Division of Pulmonary, Thoracic Oncology Research Laboratory, University of Pennsylvania School of Medicine, Philadelphia, Pennsylvania 19104, USA.
Mol Ther. 2012 Apr;20(4):736-48. doi: 10.1038/mt.2011.228. Epub 2011 Oct 18.
Since previous work using a nonreplicating adenovirus-expressing mouse interferon-β (Ad.mIFNβ) showed promising preclinical activity, we postulated that a vector-expressing IFNβ at high levels that could also replicate would be even more beneficial. Accordingly a replication competent, recombinant vaccinia viral vector-expressing mIFNβ (VV.mIFNβ) was tested. VV.mIFNβ-induced antitumor responses in two syngeneic mouse flank models of lung cancer. Although VV.mIFNβ had equivalent in vivo efficacy in both murine tumor models, the mechanisms of tumor killing were completely different. In LKRM2 tumors, viral replication was minimal and the tumor killing mechanism was due to activation of immune responses through induction of a local inflammatory response and production of antitumor CD8 T-cells. In contrast, in TC-1 tumors, the vector replicated well, induced an innate immune response, but antitumor activity was primarily due to a direct oncolytic effect. However, the VV.mIFNβ vector was able to augment the efficacy of an antitumor vaccine in the TC-1 tumor model in association with increased numbers of infiltrating CD8 T-cells.

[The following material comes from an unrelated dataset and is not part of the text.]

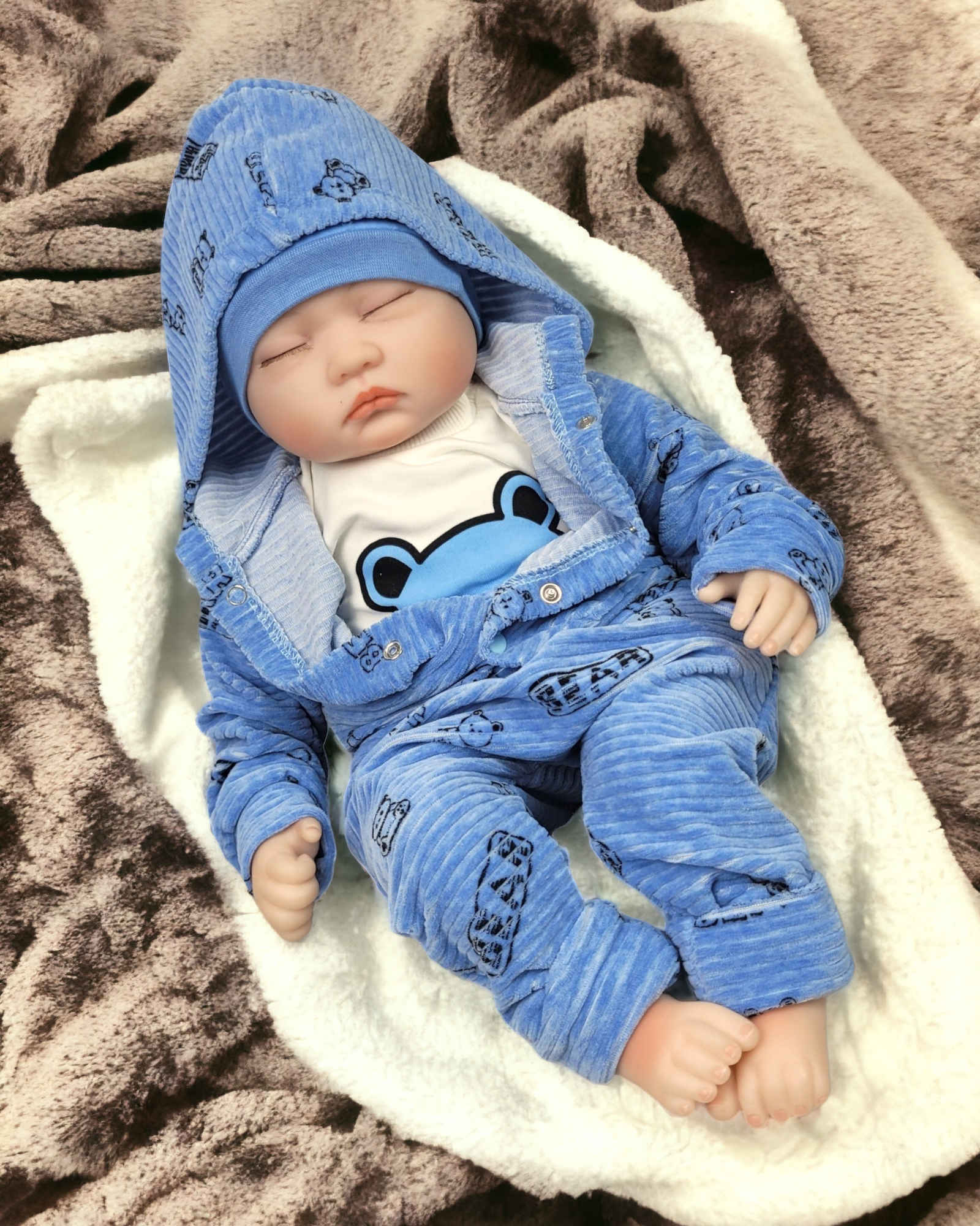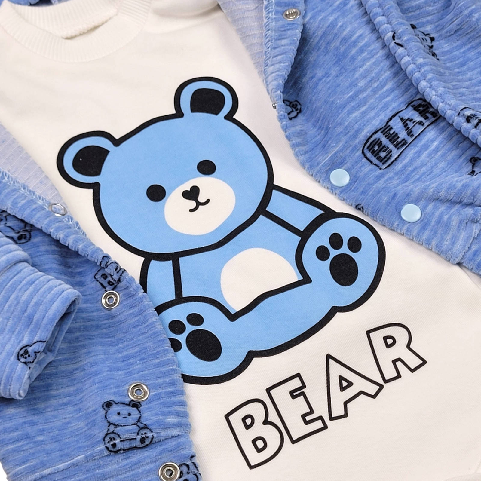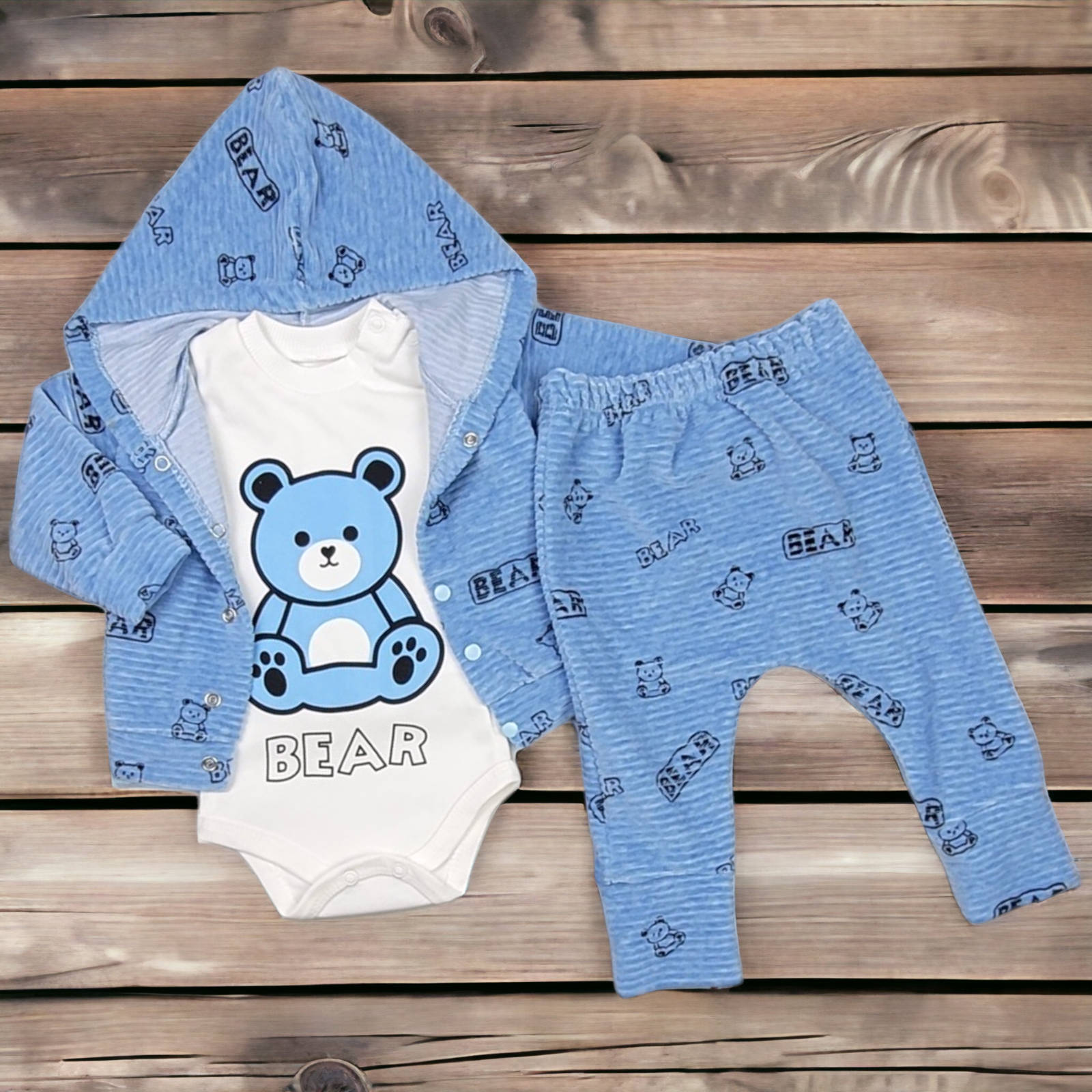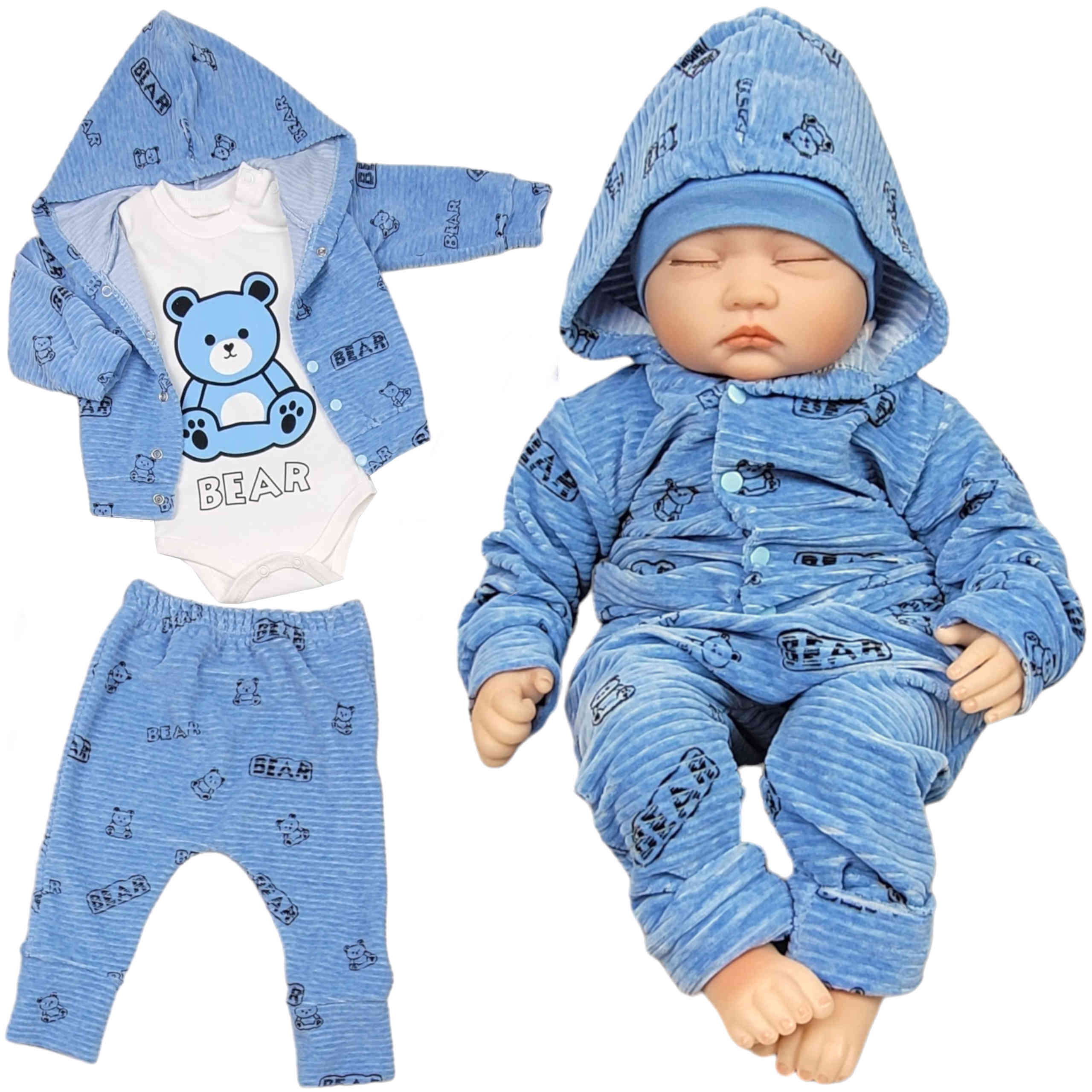 Komplet niemowlęcy welurowy 3 częściowy 62/74 cm - Miś

These data show the complex relationships between oncolytic viruses and the immune system which, if understood and harnessed correctly, could potentially be used to enhance the efficacy of immunotherapy.

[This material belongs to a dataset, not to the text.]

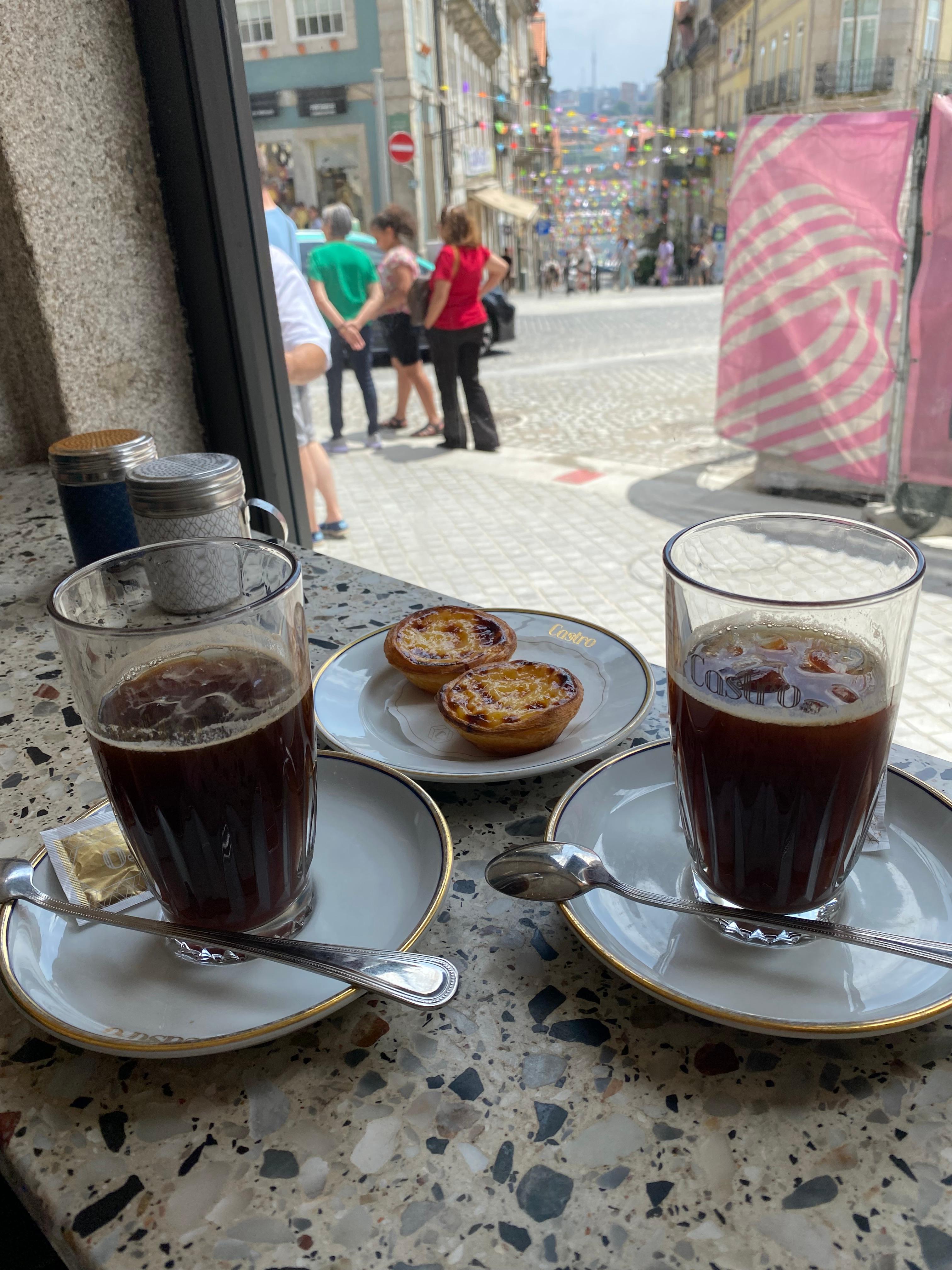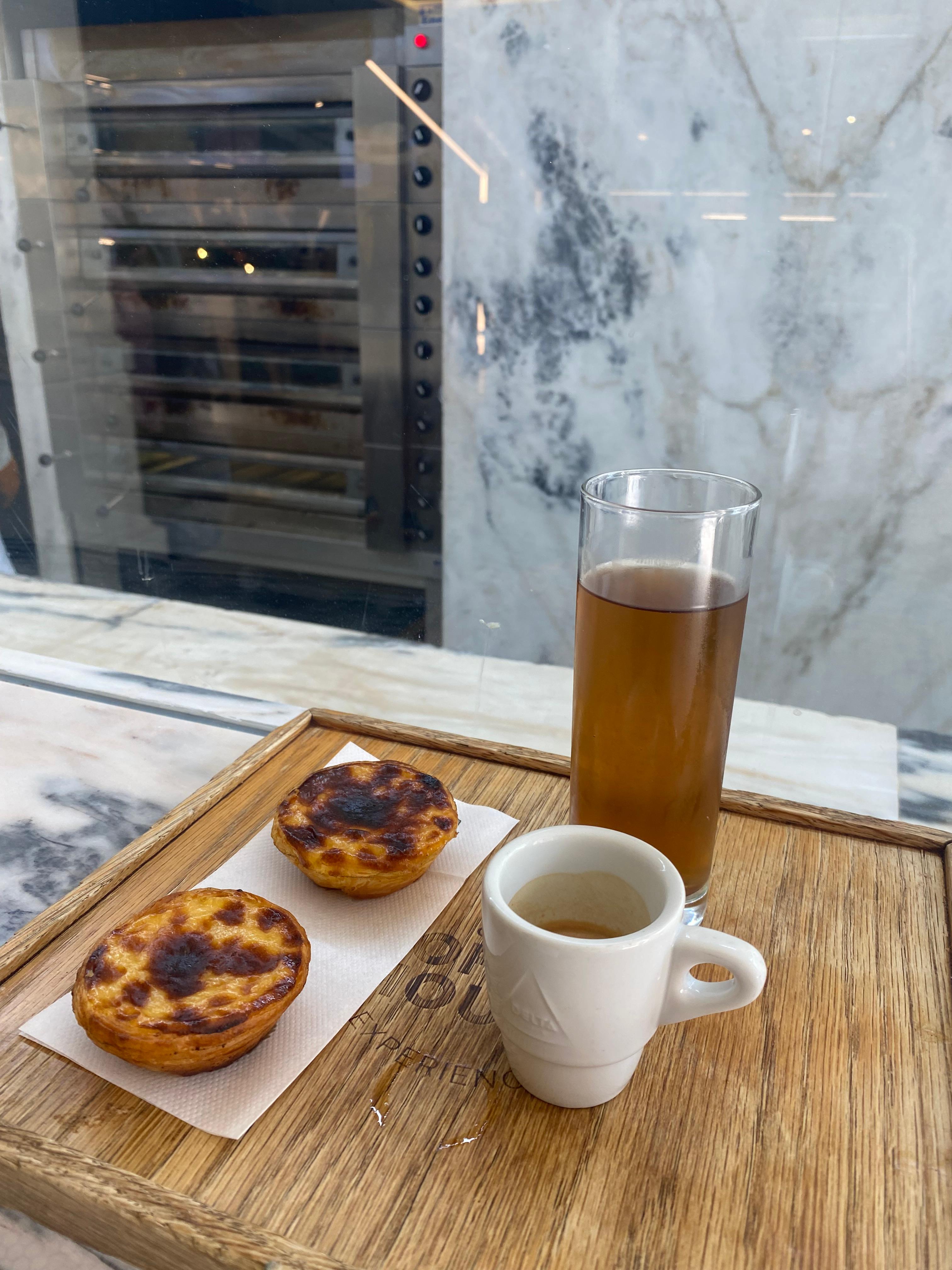 Pastel de nata and refreshing iced tea at Manteigaria near Bolhão Market.

由于先前使用表达鼠干扰素-β(Ad.mIFNβ)的非复制型腺病毒的工作显示出有希望的临床前活性,我们推测能够高水平复制的表达 IFNβ 的载体将会更有益。因此,测试了一种复制型、重组痘苗病毒载体表达的 mIFNβ(VV.mIFNβ)。VV.mIFNβ 在两种肺癌同基因小鼠侧翼模型中诱导抗肿瘤反应。尽管 VV.mIFNβ 在两种小鼠肿瘤模型中具有同等的体内疗效,但肿瘤杀伤机制完全不同。在 LKRM2 肿瘤中,病毒复制很少,肿瘤杀伤机制是通过诱导局部炎症反应和产生抗肿瘤 CD8 T 细胞来激活免疫反应。相比之下,在 TC-1 肿瘤中,该载体复制良好,诱导先天免疫反应,但抗肿瘤活性主要归因于直接溶瘤作用。然而,VV.mIFNβ 载体能够增强 TC-1 肿瘤模型中抗肿瘤疫苗的疗效,同时增加浸润的 CD8 T 细胞数量。这些数据显示了溶瘤病毒与免疫系统之间的复杂关系,如果能够正确理解和利用,可能会增强免疫疗法的疗效。